İdare Mahkemesince, davacı tarafından sigorta şirketince toplam 99.263,00 TL ödendiği iddia edilse de dosyada mevcut hesap ekstresinden davacıya ayrıca 9.926,00 TL daha ödendiği, dolayısıyla sigorta şirketinin toplam 109.189,00 TL ödediği belirtilerek anılan tutarın gerçek zarardan mahsup edildiği görülmektedir.
Dava dosyasında bulunan bilgi ve belgelerden, davacıya 13/11/2015 tarihinde sigorta şirketince toplam 109.189,00 TL ödendiği anlaşılmaktadır. Ancak sigorta şirketinin … tarih ve … sayılı yazısında, davacıya 13/11/2015 tarihinde 109.191,21 TL, 26/01/2016 tarihinde ise 9.340,00 TL ödeme yapıldığı ifade edilmiş olup Mahkemece gerçek zararın tespitinde, sigorta şirketi tarafından 13/11/2015 tarihinde yapılan ödemenin dikkate alındığı, 26/01/2016 tarihinde yapılan bu ödemenin dikkate alınmadığı anlaşılmıştır.

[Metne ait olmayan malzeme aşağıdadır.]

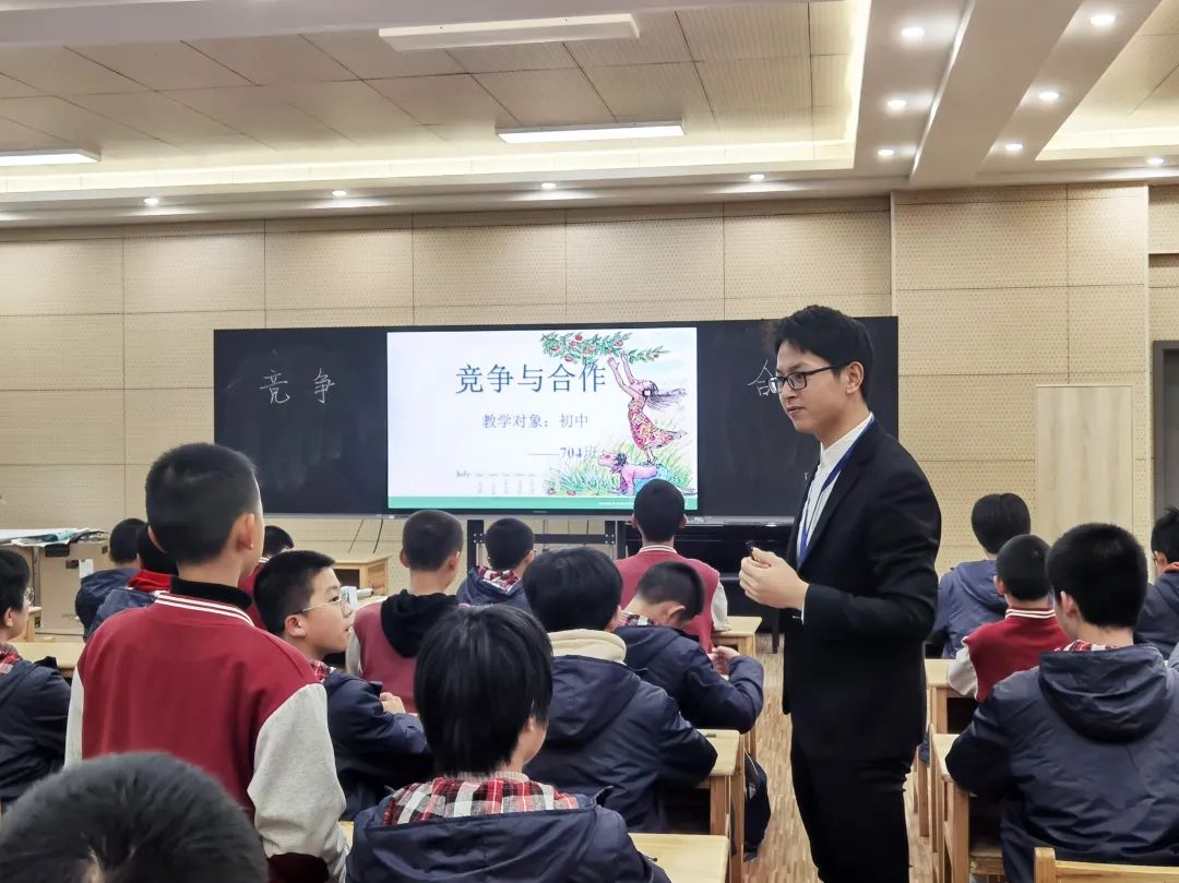 七六班班主任常雪晴老師和七四班班主任李金龍老師,實現了班會課的同題異構,都已《競爭與合作》為主題,共同探討了競爭與合作的關系。

Bu durumda, gerçek zararın tespiti için tüm sigorta ödemelerinin araştırılması, özellikle 26/01/2016 tarihinde sigorta şirketince davacıya ödeme yapılıp yapılmadığı açıklığa kavuşturularak yapılan bu ödemenin de zarardan mahsup edilmesi gerekirken anılan husus dikkate alınmadan verilen temyize konu kararda hukuka uyarlık görülmemiştir.
KARAR SONUCU :
Açıklanan nedenlerle;
1. Davalı idarenin temyiz isteminin KABULÜNE,
2. Davanın kısmen kabulüne, kısmen reddine ilişkin … İdare Mahkemesi kararına yönelik olarak yapılan istinaf başvurusunun reddi yolundaki temyize konu … Bölge İdare Mahkemesi … İdari Dava Dairesinin … tarih ve E:… , K:… sayılı kararının BOZULMASINA,
3. Yeniden bir karar verilmek üzere dosyanın … Bölge İdare Mahkemesi … İdari Dava Dairesine gönderilmesine, 26/12/2022 tarihinde oy birliğiyle kesin olarak karar verildi.